Flavor your next healthy and sexy dish of asparagus with a seductive and exotic ingredient: saffron.  Here’s a recipe that will not only give you extra points for flavor but will also heighten the tease of the night.


1/4 cup red wine vinegar

1 tbsp honey

Large pinch of saffron threads

1 cup mayonnaise*

2 garlic cloves, minced


2 pounds asparagus, trimmed

3 tbsp olive oil

1 small red bell pepper, finely chopped

Homemade mayonnaise:

2 egg yolks or 1 entire egg

1/2 tsp. salt

3/4 tsp. powdered mustard

Dash red pepper sauce

1/2 tsp. Paprika

1 1/2 c light salad oil

1 1/2 T lemon juice



Beat the egg well until it’s creamy and fluffy.  Add the salt, mustard, pepper sauce and paprika.  Whisk until everything is incorporated.  Add the salad oil one teaspoon at a time until you have about ½ cup left.  Add the lemon juice.  Transfer the mixture into the blender and blend at low speed.  Drizzle the remaining oil into the blending mixture.  Stop the blender when the texture is thick and smooth.

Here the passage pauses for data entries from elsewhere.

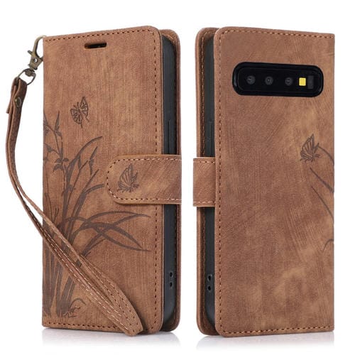 Funda para Samsung Galaxy S10 Cuero con Relieve Mariposa Orquídea (Marrón)
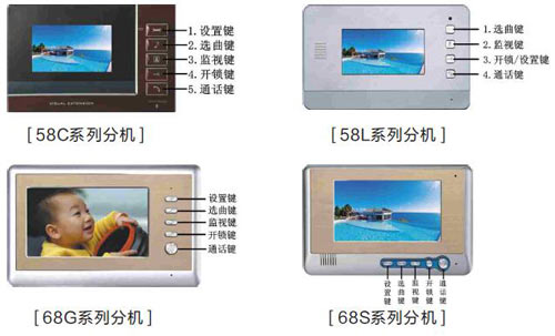 在待機狀態(tài)下按兩下“設置”鍵,分機進入色度設置界面,分機顯示當前的色度參數(shù),按“開鎖”鍵,降低亮度,按“監(jiān)視”鍵提高色度;
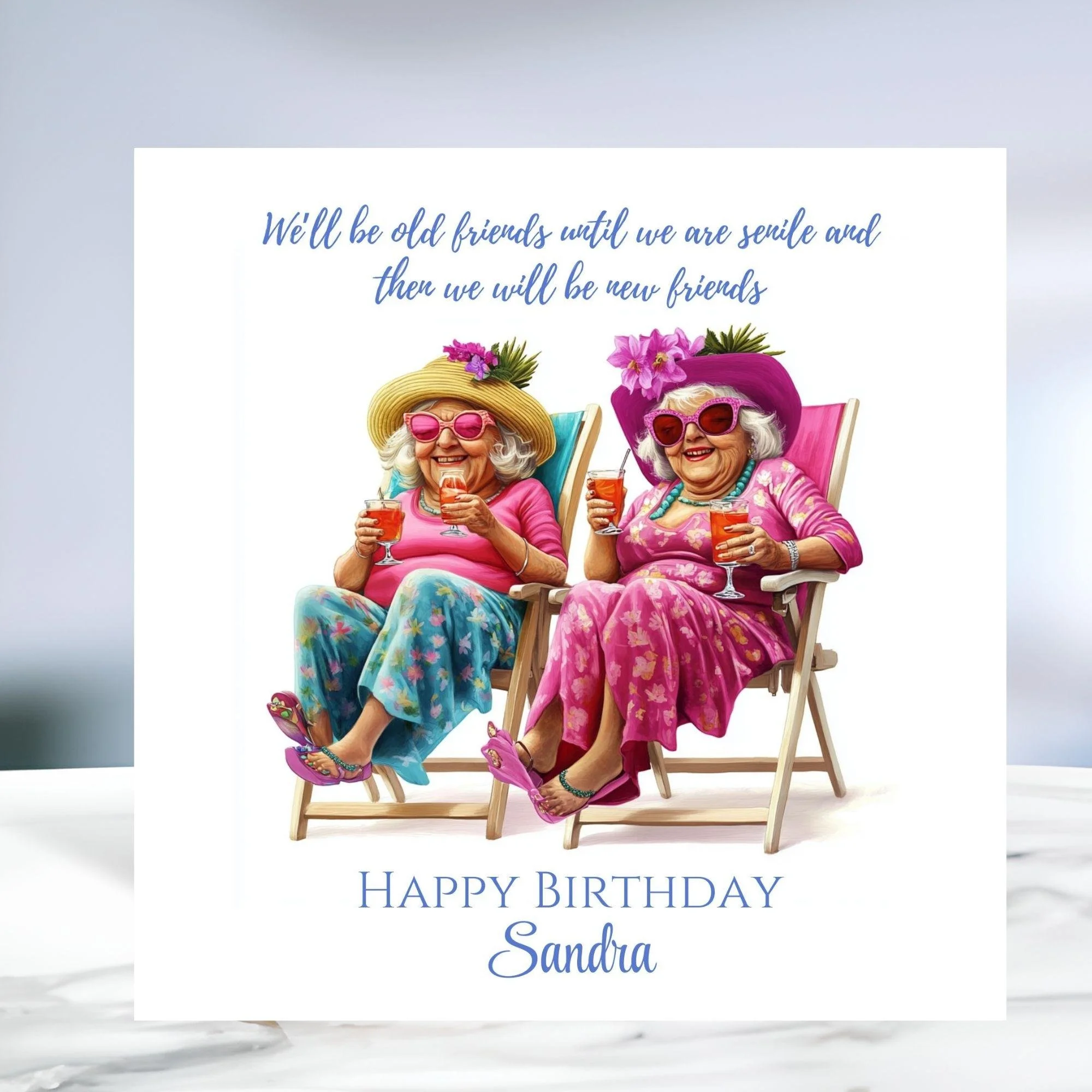 Funny Old Ladies Birthday Card: Besties in Deckchairs - Personalised
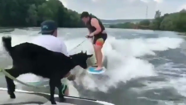 Voici ce qui arrive quand on décide d’embarquer une chèvre lors d’une séance de wakeboard.
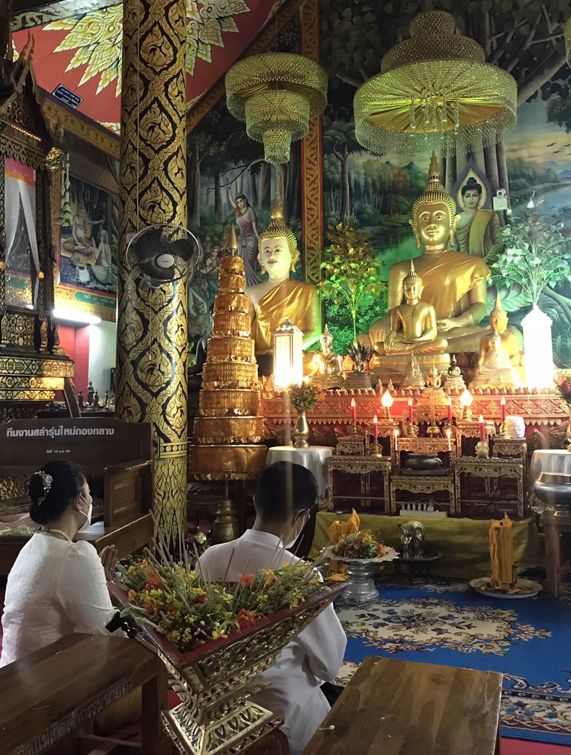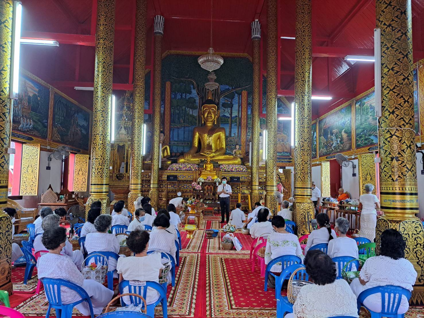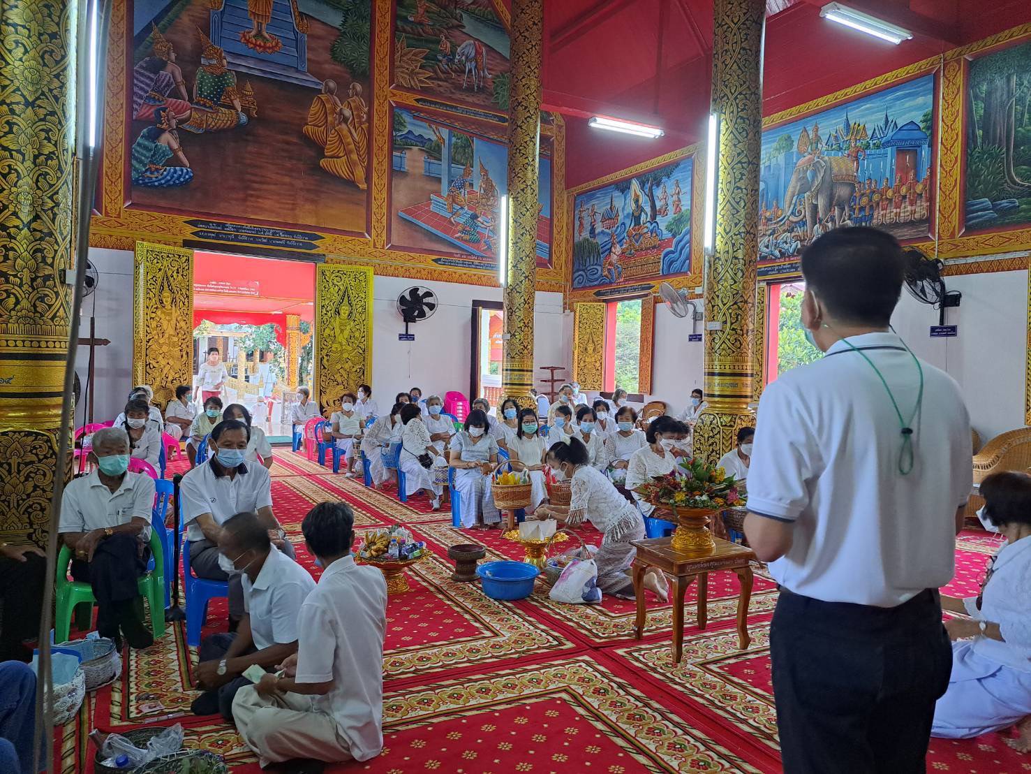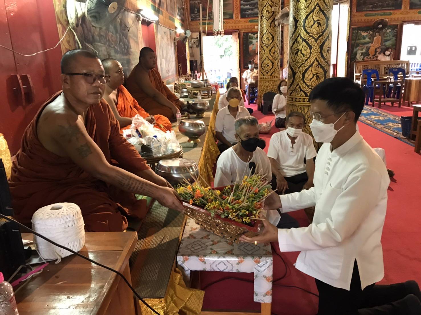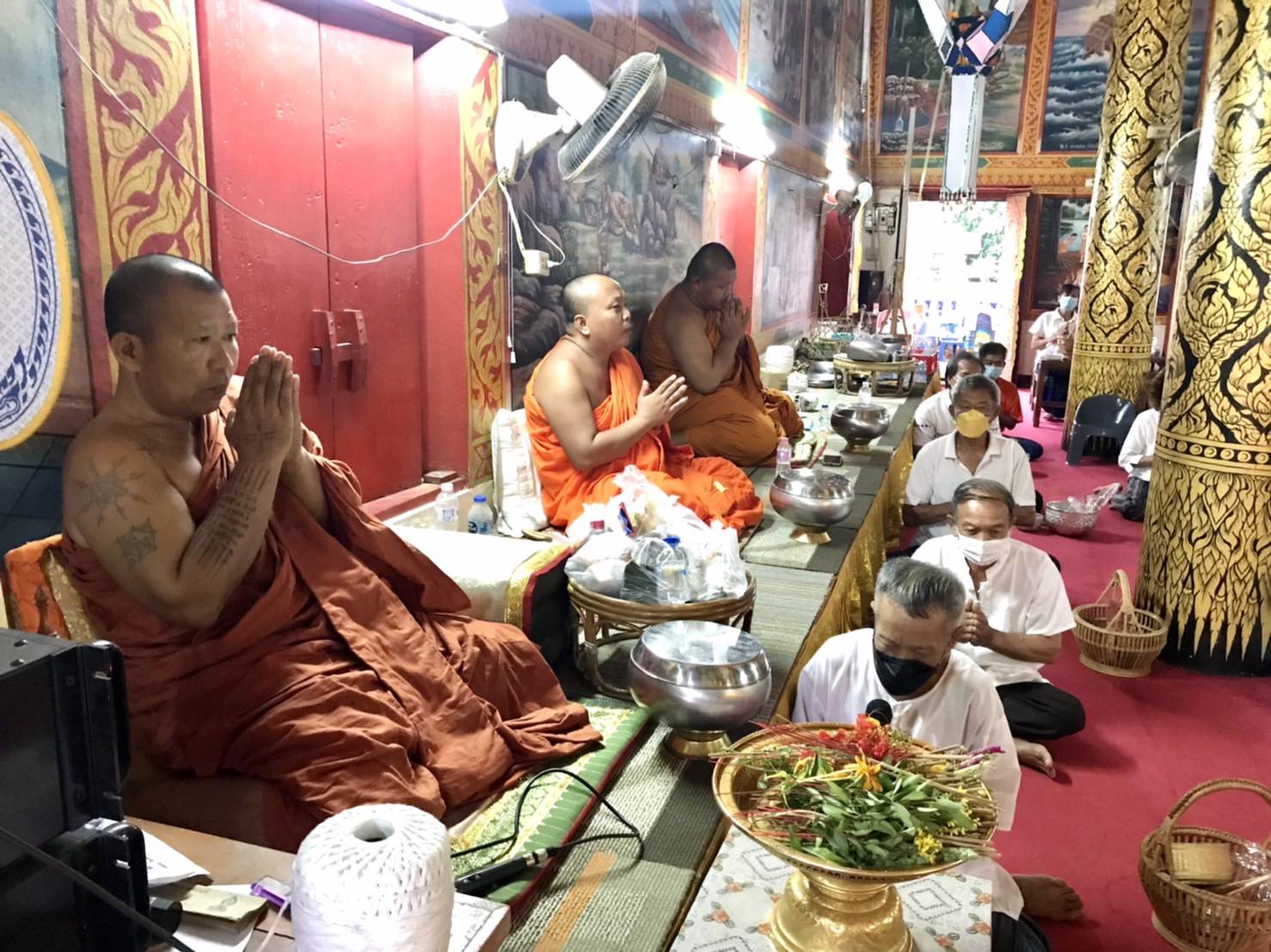 ในเช้าวันเดียวกันนี้วัดคุ้มครองธรรม ตำบลบ้านกลาง อำเภอสอง จังหวัดแพร่ นำโดยหลวงพ่อพระครูมงคลธรรมรักษ์ รองเจ้าคณะอำเภอสอง เจ้าอาวาส จัดทำบุญตักบาตรข้าวสารอาหารแห้งและนายลิขิต จันทร์ยอด กำนันตำบลบ้านกลาง ประธานชมรมกำนันผู้ใหญ่บ้านอำเภอสอง ร่วมทำบุญ และได้ชี้แจงเรื่องต่างๆ ที่เกี่ยวข้องของทางราชการตลอดถึงการเตรียมจัดงานทำบุญทอดกฐินประจำปี 2565 มีคณะศรัทธามาร่วมทำบุญจำนวน 61 คน

Grilled Asparagus with Saffron Aioli

Prepare the aioli by whisking vinegar, honey and saffron threads over medium-high heat.  Remove from heat once the mixture boils; set aside and let it cool.   Fold in the garlic in the mayonnaise and then add the cooled vinegar mixture.  Season to taste.

Toss asparagus with oil and salt and pepper.  Grill the asparagus; make sure to turn them occasionally.

Take the asparagus off the grill.  Serve with a drizzle of aioli and bell pepper.